詩経

唐风·葛生

Táng Fēng · Gé Shēng

佚名

Yì míng

Gé shēng méng chǔ, liǎn màn yú yě. Yǔ měi wáng cǐ, shuí yǔ dú chǔ?

葛生蒙楚,蔹蔓于野。予美亡此,谁与独处?

Gé shēng méng jí, liǎn màn yú yù. Yǔ měi wáng cǐ, shuí yǔ dú xī?

葛生蒙棘,蔹蔓于域。予美亡此,谁与独息?

Jiǎo zhěn càn xī, jǐn qīn làn xī. Yǔ měi wáng cǐ, shuí yǔ dú dàn?

角枕粲兮,锦衾烂兮。予美亡此,谁与独旦?

Xià zhī rì, dōng zhī yè. Bǎi suì zhī hòu, guī yú qí jū.

夏之日,冬之夜。百岁之后,归于其居。

Dōng zhī yè, xià zhī rì. Bǎi suì zhī hòu, guī yú qí shì.

冬之夜,夏之日。百岁之后,归于其室。


翻訳

葛が生い茂り、楚の木にからみつく。蔹の蔓は野に広がっている。私の愛する人はここにいない。私は誰とともに、この孤独に耐えればよいのだろう。葛が生い茂り、棘にからみつく。蔹の蔓は墓地に広がっている。私の愛する人はここにいない。私は誰とともに、ひとり休めばよいのだろう。角の枕は美しく、錦の夜具は輝いている。私の愛する人はここにいない。私は誰とともに、ひとり夜明けを待てばよいのだろう。夏の日は長く、冬の夜は長い。百年ののち、私はその人の住まいへ帰っていく。冬の夜は長く、夏の日は長い。百年ののち、私はその人の部屋へ帰っていく。

解説

『葛生』は、『詩経』の中でもとくに深い悼亡の詩である。冒頭の葛や蔹の蔓は、生命がなお伸び広がっていることを示すが、それがからみつくのは棘や墓地であり、そこには荒涼とした気配がある。「予美亡此」は全篇の核心である。愛する人はここにいない。その不在によって、野も墓域も寝室も夜明けも、すべて孤独な場所となる。第三章の角枕と錦衾は、本来なら美しく温かな寝具である。しかし愛する人がいないため、その華やかさはかえって空しさを際立たせる。「誰与独処」「誰与独息」「誰与独旦」という問いは、共に暮らすこと、共に眠ること、共に夜明けを迎えることが失われた痛みを段階的に深めていく。後半の「夏之日,冬之夜」は、悲しみの中で時間が長く引き延ばされる感覚を表す。

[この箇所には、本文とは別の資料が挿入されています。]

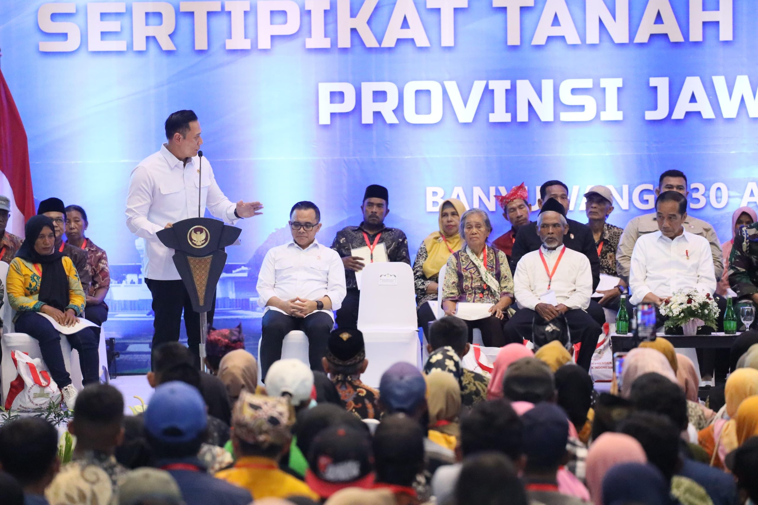 Di hadapan ribuan masyarakat, Presiden Joko Widodo memastikan bahwa sertipikat tanah benar-benar sampai di tangan masyarakat. Pembagian sertipikat hasil Redistribusi Tanah ini adalah yang pertama dilakukan oleh presiden sejak ia menyerahkan SK Biru pada akhir tahun 2023. “Ini adalah Redistribusi Tanah yang paling besar di seluruh Indonesia, di Banyuwangi ini,” terang Presiden RI yang disambut sorak-sorai seluruh masyarakat yang hadir.
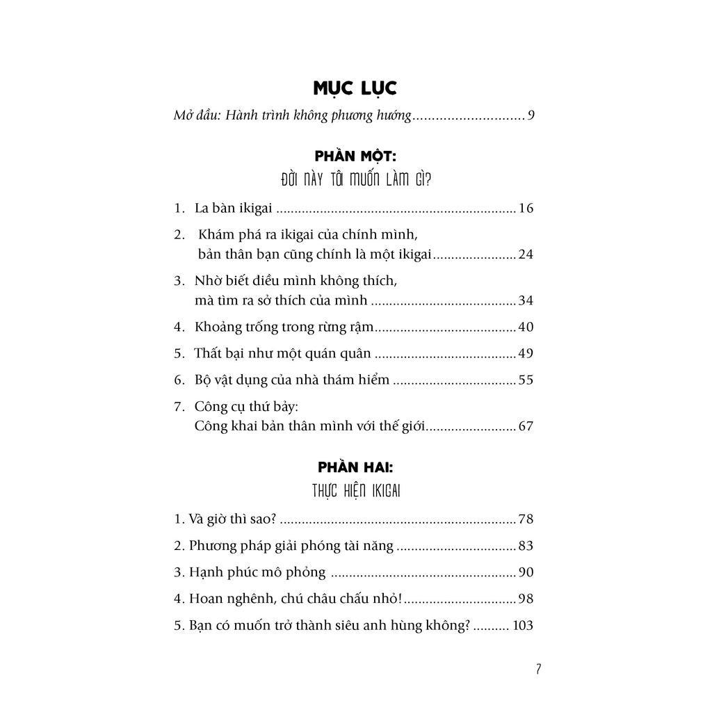 Cuốn sách này chỉ là điểm khởi đầu. Hãy nghĩ rằng nó là hộp dụng cụ chứa những công cụ giúp bạn nhỏ định hình tư tưởng và lên kế hoạch để tìm ra nguyên nhân khiến bản thân bạn hiện hữu trong cuộc đời này, từ đó xây dựng nên bản thân, chứ không đơn thuần chỉ là khám phá bản thân. Hãy tận dụng những điều bạn đọc được từ cuốn sách để thám hiểm, khám phá, và để sống theo cách ikigai!
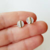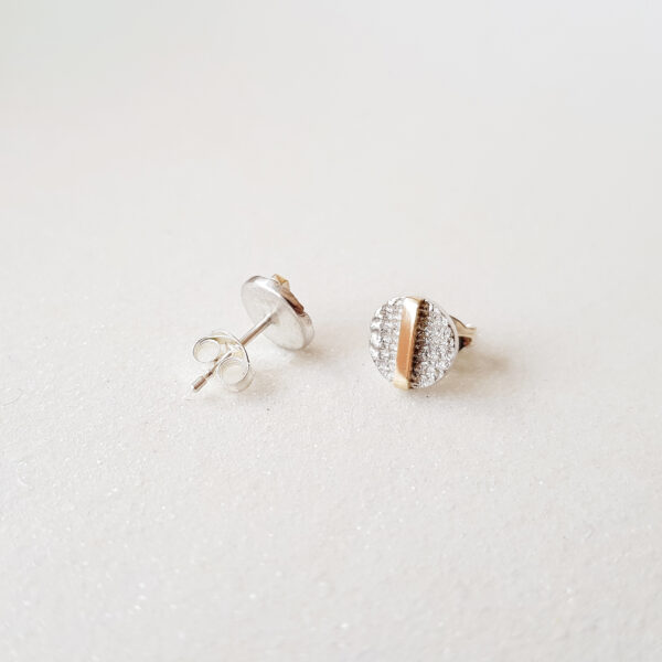 GALERIJAMinimalistiniai audinio faktūros auskarai, pagaminti iš sidabro ir puošti aukso akcentu. Puikiai tinka kasdieniam nešiojimui. Auskaro dydis apie 7,6 mm.

百年の後にその人のもとへ帰るという結びは、死後の再会を唯一の帰着点とする、静かで揺るがない思いである。

作者紹介

『葛生』は『唐風』に収められた無名の悼亡詩であり、中国文学における早期の喪失表現として重要な作品である。『詩経』では草木を起興とすることが多いが、この詩では蔓草の成長が死、空しい寝室、長い時間と結びつき、深い哀悼の雰囲気を作っている。空室、長夜、死後の再会という情感構造は、後世の悼亡詩にも通じる重要な要素である。